● **Instructions for the task**:
Your task is to copy every line of the entries that holds the word "مارس".

● **Record set**:
----------------------------------------
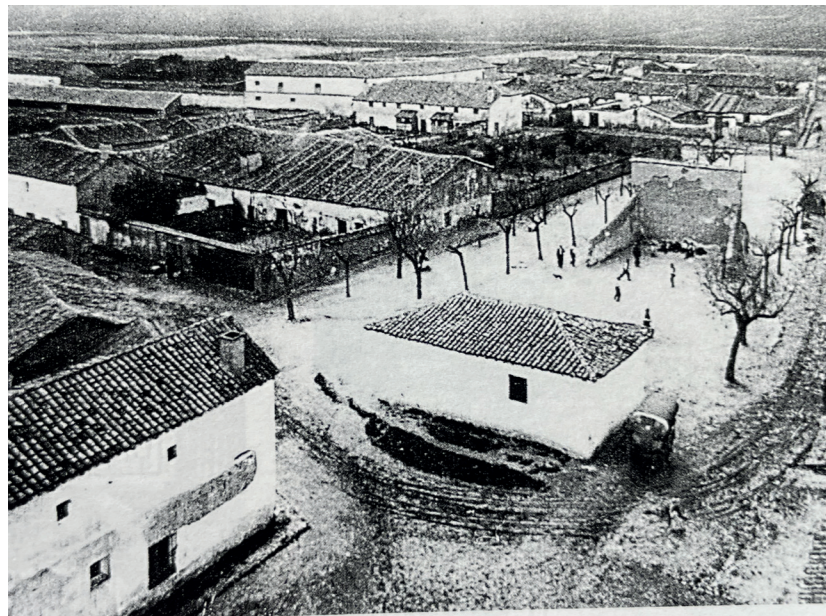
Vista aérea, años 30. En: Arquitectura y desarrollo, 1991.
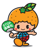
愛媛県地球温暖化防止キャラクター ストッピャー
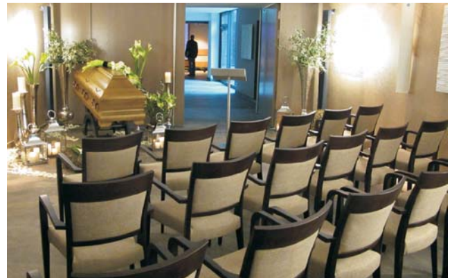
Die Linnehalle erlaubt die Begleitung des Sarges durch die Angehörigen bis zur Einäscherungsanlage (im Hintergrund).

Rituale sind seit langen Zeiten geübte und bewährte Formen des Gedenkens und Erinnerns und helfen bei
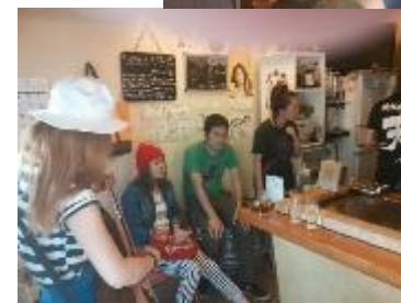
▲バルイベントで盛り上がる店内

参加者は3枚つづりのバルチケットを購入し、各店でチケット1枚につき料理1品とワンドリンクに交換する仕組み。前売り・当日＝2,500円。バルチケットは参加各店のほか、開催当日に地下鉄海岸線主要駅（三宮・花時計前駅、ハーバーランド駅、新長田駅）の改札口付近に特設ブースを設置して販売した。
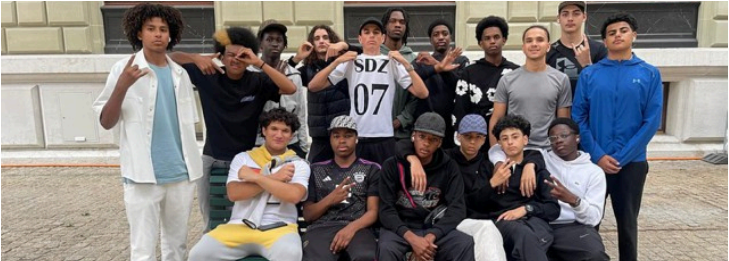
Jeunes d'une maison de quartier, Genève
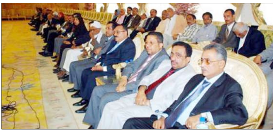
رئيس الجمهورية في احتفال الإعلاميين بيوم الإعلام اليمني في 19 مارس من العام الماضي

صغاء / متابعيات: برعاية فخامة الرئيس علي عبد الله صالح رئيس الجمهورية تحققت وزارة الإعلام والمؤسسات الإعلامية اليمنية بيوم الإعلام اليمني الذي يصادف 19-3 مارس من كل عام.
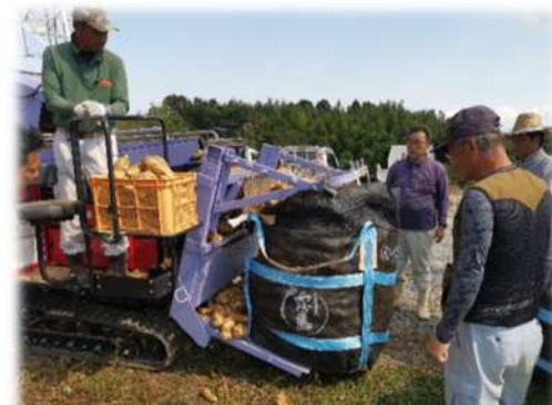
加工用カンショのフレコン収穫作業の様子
----------------------------------------
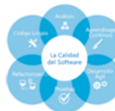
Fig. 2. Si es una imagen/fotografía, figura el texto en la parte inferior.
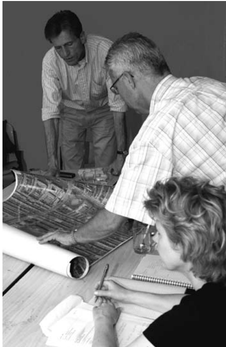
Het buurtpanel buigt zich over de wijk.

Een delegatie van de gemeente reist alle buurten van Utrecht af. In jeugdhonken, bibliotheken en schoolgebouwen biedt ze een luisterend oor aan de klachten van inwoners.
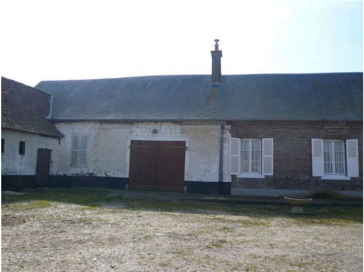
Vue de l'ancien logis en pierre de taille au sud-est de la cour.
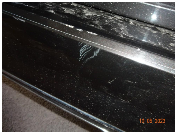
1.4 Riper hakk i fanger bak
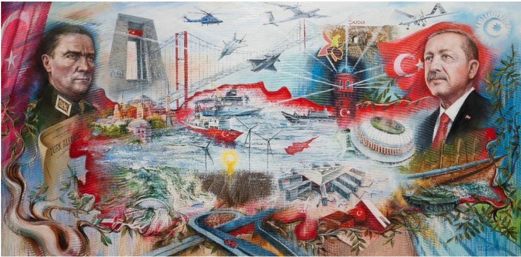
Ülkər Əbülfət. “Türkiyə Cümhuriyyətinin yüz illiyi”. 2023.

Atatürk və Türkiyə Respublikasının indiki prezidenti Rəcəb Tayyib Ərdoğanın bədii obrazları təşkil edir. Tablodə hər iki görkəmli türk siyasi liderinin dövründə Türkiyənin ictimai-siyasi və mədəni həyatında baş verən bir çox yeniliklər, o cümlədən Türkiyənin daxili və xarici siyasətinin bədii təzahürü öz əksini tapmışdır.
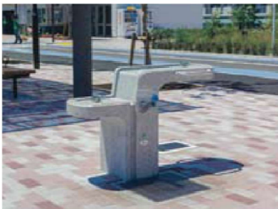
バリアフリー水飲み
----------------------------------------
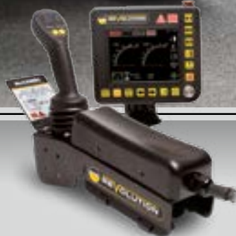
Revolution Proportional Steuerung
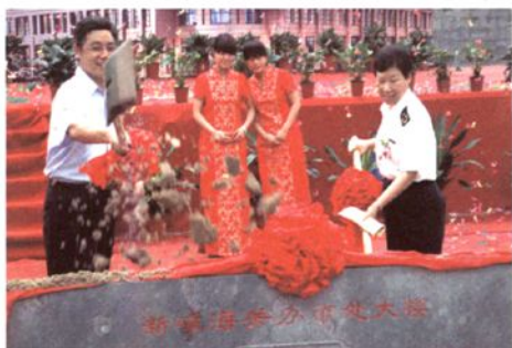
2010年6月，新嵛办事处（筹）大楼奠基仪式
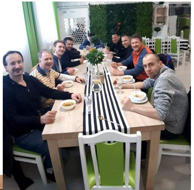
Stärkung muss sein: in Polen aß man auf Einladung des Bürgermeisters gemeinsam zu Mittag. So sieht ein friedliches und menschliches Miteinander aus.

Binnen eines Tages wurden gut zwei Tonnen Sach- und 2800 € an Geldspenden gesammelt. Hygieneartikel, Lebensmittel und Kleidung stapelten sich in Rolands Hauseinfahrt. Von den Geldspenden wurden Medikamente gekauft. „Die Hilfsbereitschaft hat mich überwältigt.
----------------------------------------
● **Written solution**:
رئيس الجمهورية في احتفال الإعلاميين بيوم الإعلام اليمني في 19 مارس من العام الماضي
صغاء / متابعيات: برعاية فخامة الرئيس علي عبد الله صالح رئيس الجمهورية تحققت وزارة الإعلام والمؤسسات الإعلامية اليمنية بيوم الإعلام اليمني الذي يصادف 19-3 مارس من كل عام.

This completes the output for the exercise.